Le travail en équipe est fréquent dans certains secteurs: l'industrie des machines, la sécurité, la santé, les transports publics, l'hôtellerie-restauration, etc. Toutes les branches dans lesquelles des travailleurs ou des équipes se relaient au même poste, que ce soit au volant d'un bus, aux commandes d'une machine ou aux urgences d'un hôpital.

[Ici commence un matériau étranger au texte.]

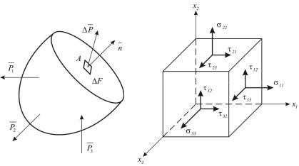 Чтобы полностью определить напряженное состояние в точке тела, достаточно рассмотреть проекции векторов напряжений, действующих на трех взаимно ортогональных площадках. Обозначим оси координат x1 , x2 и x3 , нормальные напряжения символом σ, касательные – τ (допускается также и обозначение σ) с использованием индексов.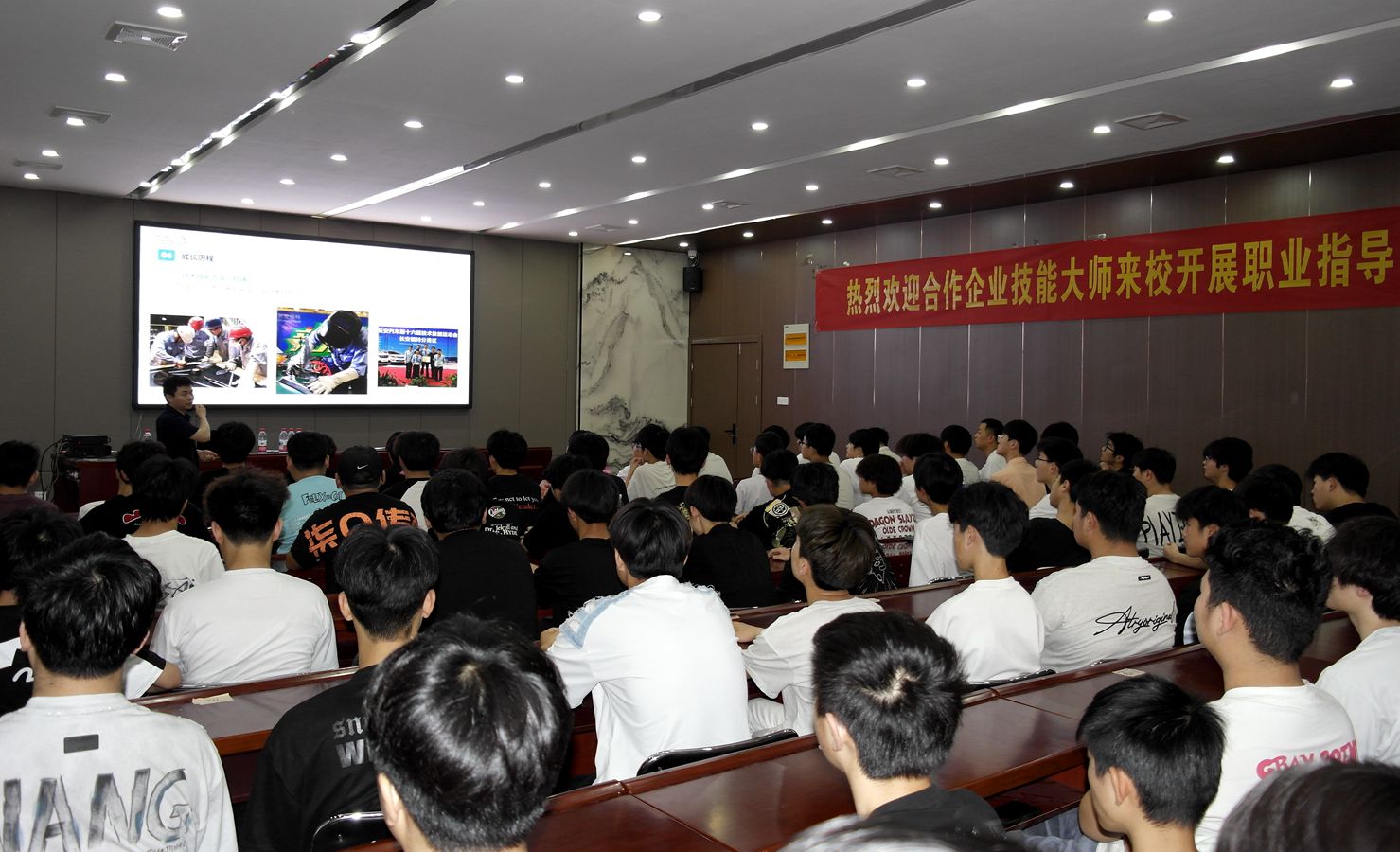 在实训楼报告厅,王俊峰老师围绕汽车行业前沿技术、典型故障案例分析、职业技能大赛经验分享、技术技能等模块展开。并针对汽修行业人才需求,分享职业规划建议,强调工匠精神与终身学习理念,激发学生职业认同感与学习热情。王老师用自己的亲身经历来激励学生,告诉他们技能铸就人生、匠心成就梦想的道理。他鼓励学生们要敢于追梦、勇于实践,用自己的双手和智慧去创造美好的未来。

Il concerne environ 16% des salariés et, pour un quart de ceux-ci, comprend du travail de nuit.

Horaires inhabituels

Dans tous les cas, ou presque, il implique de travailler en dehors des horaires de bureau traditionnels. «Il oblige également à commencer et à terminer le travail à une heure précise, sans flexibilité», ajoute Marcel Marioni, expert en droit du travail auprès de Swissmem, l'organisation faîtière de l'industrie des machines.
Comme les volontaires ne se bousculent pas, les entreprises tentent de les attirer avec des indemnités de travail en équipe (ou indemnités de pénibilité.) «Elles ne sont pas prescrites par la loi; c'est l'employeur qui décide de leur montant», précise Marcel Marioni. Si le poste implique de travailler la nuit ou le dimanche, elles s'ajoutent aux majorations de salaire prévues par la loi pour ce type d'horaires.

Les hommes en force

Les hommes sont proportionnellement beaucoup plus nombreux à accepter de travailler en équipe. Un reflet, sans doute, d'une réalité de laquelle les employeurs ne sont pas responsables: les femmes assument davantage de tâches familiales, qui s'accordent souvent mal avec les horaires du travail en équipe.
Or, les indemnités de pénibilité sont considérées comme faisant partie du salaire, dans le cadre des analyses de l'égalité salariale (obligatoires pour les entreprises de plus de cent employés). Comme les hommes en touchent plus souvent, cela peut faire passer leur employeur au-dessus de la limite des 5% d'écart entre les sexes, au-delà duquel on considère qu'il ne respecte pas l'égalité. Et ce, même si les salaires et le montant des indemnités sont exactement les mêmes pour les hommes et les femmes.

Conséquences

Dépasser la limite a de multiples conséquences. L'employeur doit refaire l'analyse, ce qui exige du temps et de l'argent. Il doit informer ses collaborateurs, qui peuvent voir leur confiance dans l'entreprise érodée. Les conventions collectives de certains secteurs peuvent prévoir des peines. Enfin, l'entreprise risque de ne pouvoir plus participer à des appels d'offres publics.
Le risque n'est pas théorique: «plusieurs de nos membres sont passés du mauvais côté de la limite à cause des indemnités pour travail en équipe, alors qu'ils rémunèrent hommes et femmes exactement de la même manière», regrette Marcel Marioni.

Motion

Une motion a été déposée pour sortir ces indemnités de l'analyse de l'égalité salarial, par le conseiller national Peter Schilliger (PLR/LU). Elle a été acceptée par le Conseil national, contre l'avis du Conseil fédéral. C'est maintenant au Conseil des Etats de se prononcer.